● WORK ORDER: Could you retype every line below exactly, omitting the images?

● INFORMATION PROVIDED:
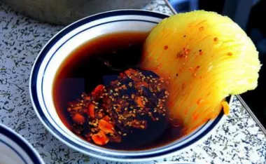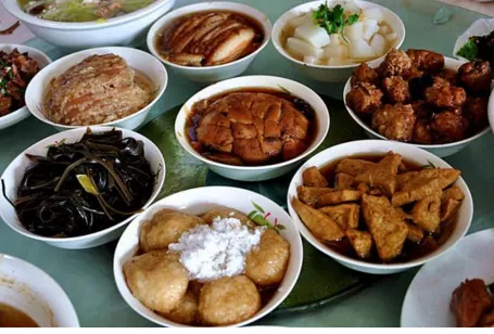 八大碗有:蔚州雜燴、虎皮丸子、梅菜扣肉、酥肉、清蒸丸子、紅燜羊肉、紅燒丸子、龍眼丸子,吃飯之前您可以先來幾塊蔚縣特色豆腐干,來嘗嘗鮮,再來點(diǎn)蔚縣的特色主食:炸糕、蕎面粭烙、涼粉、紅豆飯,最后喝上一碗熱乎乎的豌豆糊糊暖暖胃,真是好呀!
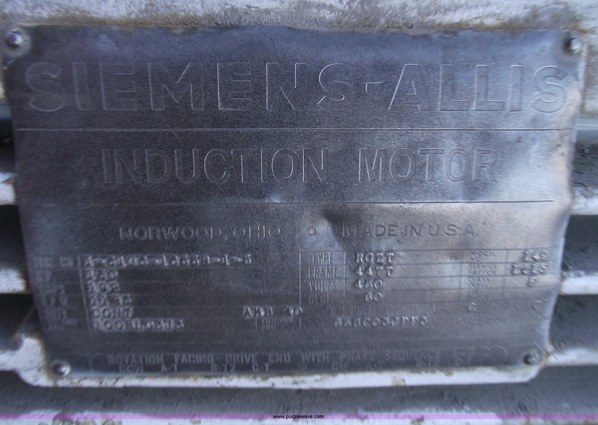 Purple Wave is selling a used Other Industrial or Business in Missouri. This item is a Siemens-ALL.S 150 hp electric motor with the following: 460 volt, Three phase, Model 149, Tested and operational, Removed from ADM Milling, Factory rebuilt, Serial 1-5106-16558-1-5
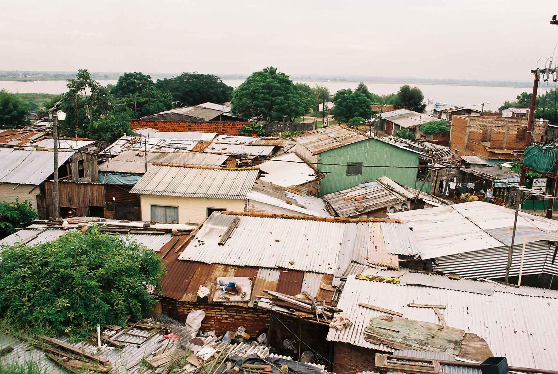 Asuncion, the capital of Paraguay is a pleasant enough place, there are a few nice buildings in the centre. Amongst these are the former Congress building that has been the scene of numerous abuses of human rights and slaughter of protesters (photo 1), which is why there are several plaques, statues and monuments in front of it. Just across the square from it, the new Congress building is very modern, all apart from one odd bit of wall that is built into the thing (photo 2). The odd thing is that just across a small patch of green (photo 3) is a shanty town (photo 4), literally a stone's throw from the seat of government. As far as shanty towns go, it could be worse, they have a barbecue pit going all day, several shops and a well used volleyball court (photo 5). On the downside, they have next to no sanitation, homes built from pathetically flimsy material and a disturbing level of violent crime.

● ANSWER TO THIS PROBLEM:
 八大碗有:蔚州雜燴、虎皮丸子、梅菜扣肉、酥肉、清蒸丸子、紅燜羊肉、紅燒丸子、龍眼丸子,吃飯之前您可以先來幾塊蔚縣特色豆腐干,來嘗嘗鮮,再來點(diǎn)蔚縣的特色主食:炸糕、蕎面粭烙、涼粉、紅豆飯,最后喝上一碗熱乎乎的豌豆糊糊暖暖胃,真是好呀!
 Purple Wave is selling a used Other Industrial or Business in Missouri. This item is a Siemens-ALL.S 150 hp electric motor with the following: 460 volt, Three phase, Model 149, Tested and operational, Removed from ADM Milling, Factory rebuilt, Serial 1-5106-16558-1-5
 Asuncion, the capital of Paraguay is a pleasant enough place, there are a few nice buildings in the centre. Amongst these are the former Congress building that has been the scene of numerous abuses of human rights and slaughter of protesters (photo 1), which is why there are several plaques, statues and monuments in front of it. Just across the square from it, the new Congress building is very modern, all apart from one odd bit of wall that is built into the thing (photo 2). The odd thing is that just across a small patch of green (photo 3) is a shanty town (photo 4), literally a stone's throw from the seat of government. As far as shanty towns go, it could be worse, they have a barbecue pit going all day, several shops and a well used volleyball court (photo 5). On the downside, they have next to no sanitation, homes built from pathetically flimsy material and a disturbing level of violent crime.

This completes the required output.